• Provided data
:::::

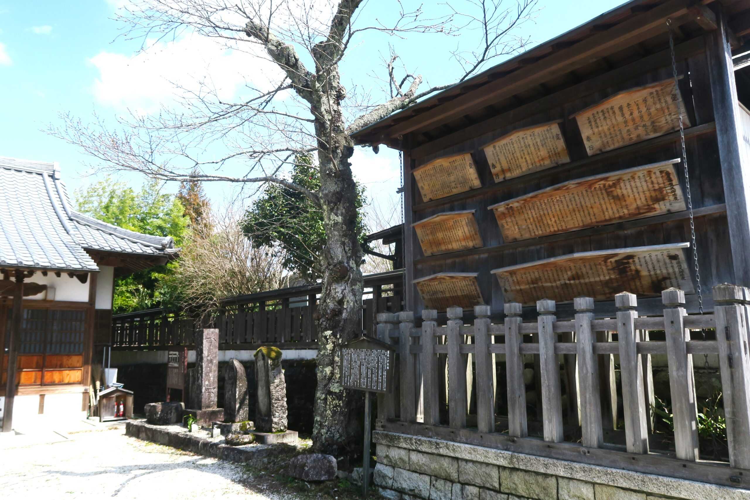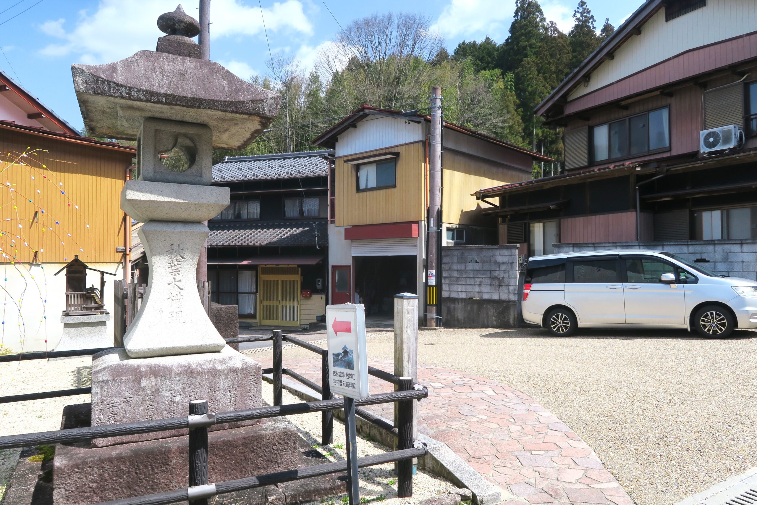 山に向かってのびる坂道と軒を連ねる古民家の風景は木曽路の宿場町に似ています。高札場があった枡形の前後で町並みが変わります。高札場は藩主が領民取締りの各種ご法度を公布し領内に知らせたもので、左手奥の祥雲寺(西町庚申堂)は盛巌寺の付属で元和年間(1615~1624)の創建と伝わります。藩主丹羽家の家中より庚申の本尊青面金剛像の寄進があり庚申堂となったものです。お堂の前を西町に向かって流れる石組みの水路を「天正疎水」といい、商家や民家の裏庭にこうした水路が縦断しているのもこの町の特徴。江戸時代に造られたものですが風情たっぷりです。
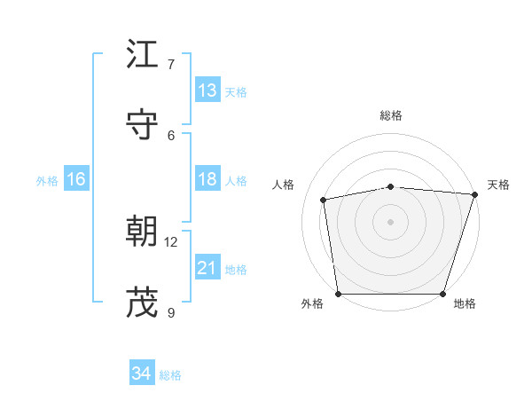江守 朝茂さんを姓名の画数から五運を鑑定
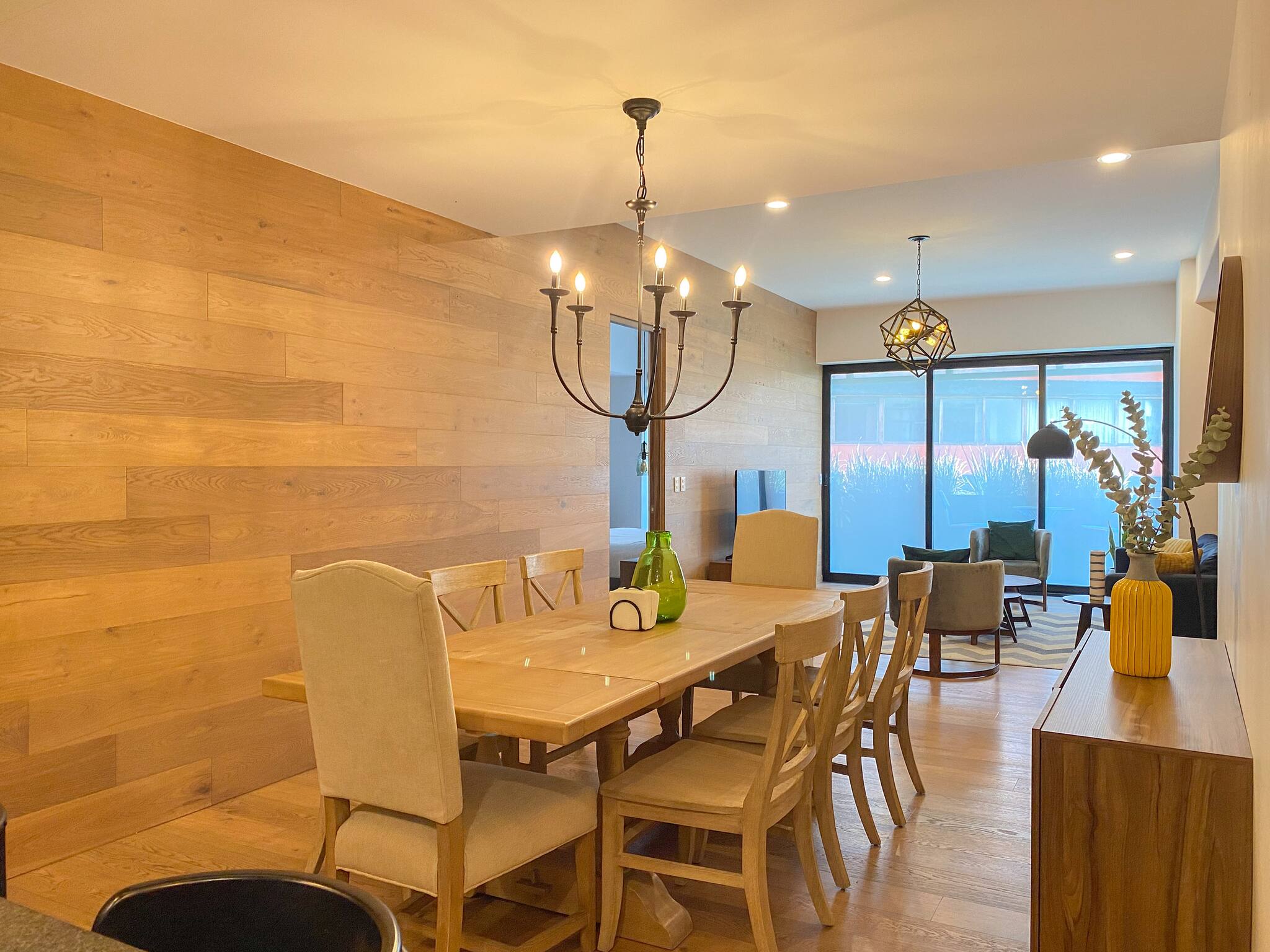 The living area is bright and airy, with modern decor and comfortable seating. A fully equipped kitchen offers everything you need to cook at home, and the dining area is perfect for sharing meals or planning your day's adventures.
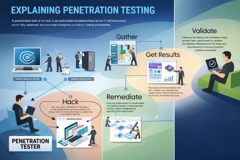 A penetration test (pen test) is an authorized simulated cyber attack performed to evaluate the security of systems, networks, applications, and infrastructure.
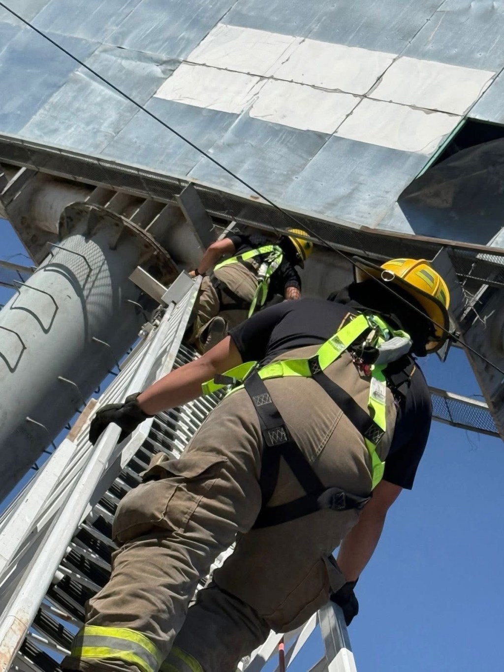 Elementos de Protección Civil retiraron dos láminas sueltas de un anuncio panorámico en la colonia La Cuesta. El material colgaba a veinticinco metros de altura hoy.
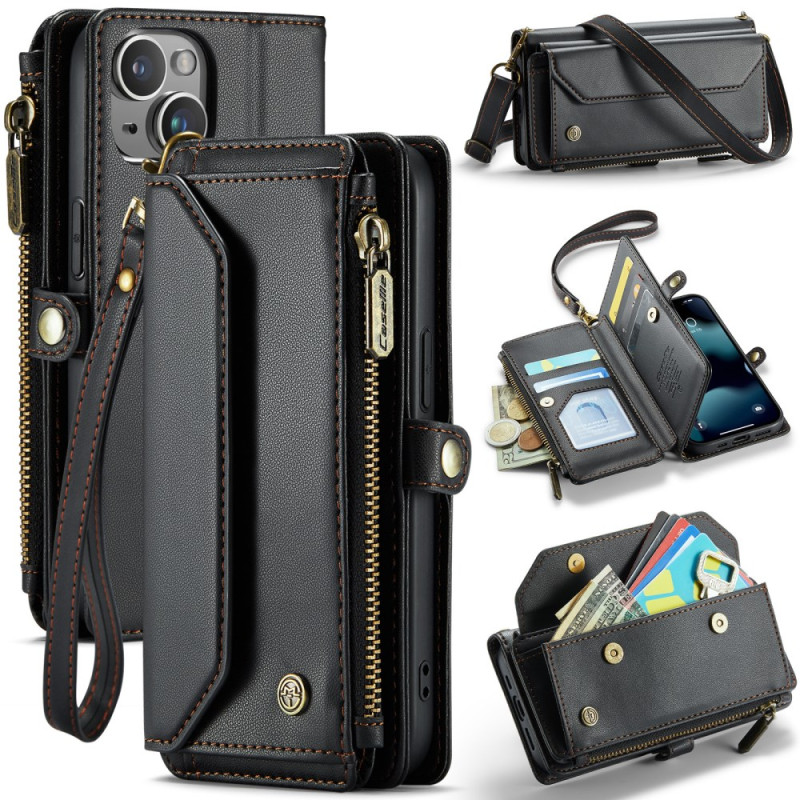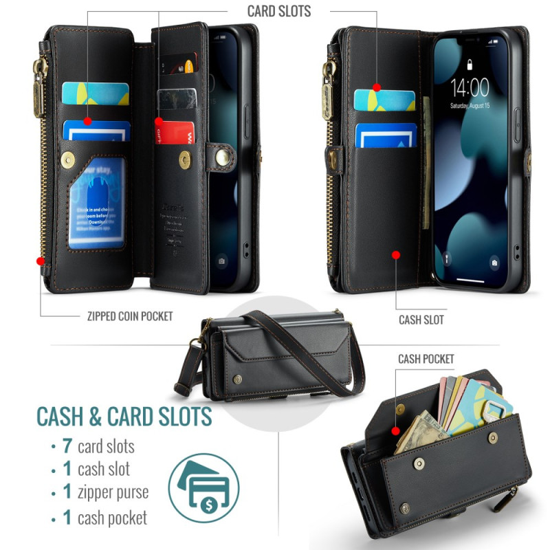 Tutustu CASEME-monitoimikoteloon iPhone 13 minille: RFID-suojaus, 10 korttipaikkaa, vetoketjullinen lompakko ja irrotettava olkahihna. Yhdistä tyyli, turvallisuus ja käytännöllisyys tässä premium-luokan PU-nahkalompakossa.

:::::

• What the task requires
Print the material above word for word, first line through the line with "The living area", and leave every picture out.

• Finished task
 山に向かってのびる坂道と軒を連ねる古民家の風景は木曽路の宿場町に似ています。高札場があった枡形の前後で町並みが変わります。高札場は藩主が領民取締りの各種ご法度を公布し領内に知らせたもので、左手奥の祥雲寺(西町庚申堂)は盛巌寺の付属で元和年間(1615~1624)の創建と伝わります。藩主丹羽家の家中より庚申の本尊青面金剛像の寄進があり庚申堂となったものです。お堂の前を西町に向かって流れる石組みの水路を「天正疎水」といい、商家や民家の裏庭にこうした水路が縦断しているのもこの町の特徴。江戸時代に造られたものですが風情たっぷりです。
江守 朝茂さんを姓名の画数から五運を鑑定
 The living area is bright and airy, with modern decor and comfortable seating. A fully equipped kitchen offers everything you need to cook at home, and the dining area is perfect for sharing meals or planning your day's adventures.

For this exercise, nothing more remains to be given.